What you will do
Line by line, repeat the material below exactly and skip the images.

Data segment
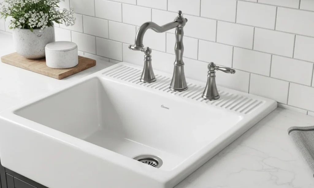 A classic ceramic or porcelain sink is a choice you can’t go wrong with. Known for being durable, easy to maintain, and stain-resistant, it is a timeless and sensible option. Available in many shapes and sizes, it fits effortlessly into any design, from modern farmhouse to traditional.
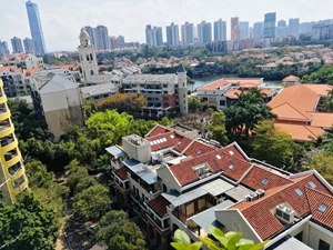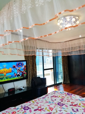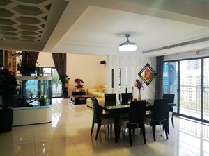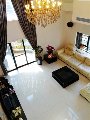 深圳市南山区华侨城波托菲诺纯水岸高端私密小区,西南向全湖景,顶层复式509平方米,步行15分钟到世界之窗地铁站. 环境幽静清新,南西北三面通透无遮挡. 去年刚刚重新装修过并换新了几乎所有家电,简欧精装.133寸4K高清3D立体投影,所有房间千兆有线网络,全屋自动浇灌花草系统.
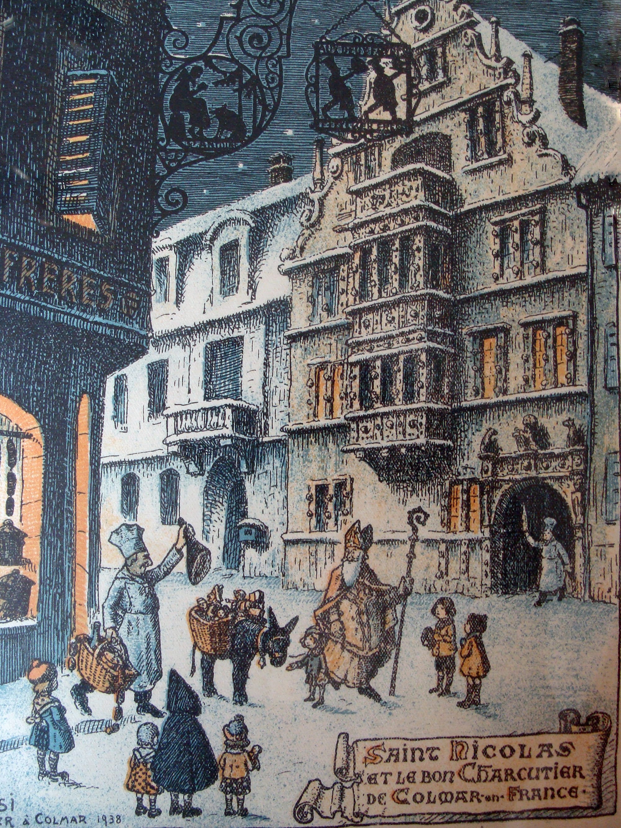 Peinture 1 : La Visite de St Nicolas - Paul Kauffmann (1902)|Peinture 2 : Two Legends of St Nicholas - Gerard David (1500 - 1510)| Illustration 3 : St Nicolas qui sauve les enfants|Illustration 4 : St Nicolas en Alsace|Gravure 5 : St Nicolas, Jean Chièze (1940) |Illustration 6 : St Nicolas qui rend visite aux familles

Response
 A classic ceramic or porcelain sink is a choice you can’t go wrong with. Known for being durable, easy to maintain, and stain-resistant, it is a timeless and sensible option. Available in many shapes and sizes, it fits effortlessly into any design, from modern farmhouse to traditional.
 深圳市南山区华侨城波托菲诺纯水岸高端私密小区,西南向全湖景,顶层复式509平方米,步行15分钟到世界之窗地铁站. 环境幽静清新,南西北三面通透无遮挡. 去年刚刚重新装修过并换新了几乎所有家电,简欧精装.133寸4K高清3D立体投影,所有房间千兆有线网络,全屋自动浇灌花草系统.
 Peinture 1 : La Visite de St Nicolas - Paul Kauffmann (1902)|Peinture 2 : Two Legends of St Nicholas - Gerard David (1500 - 1510)| Illustration 3 : St Nicolas qui sauve les enfants|Illustration 4 : St Nicolas en Alsace|Gravure 5 : St Nicolas, Jean Chièze (1940) |Illustration 6 : St Nicolas qui rend visite aux familles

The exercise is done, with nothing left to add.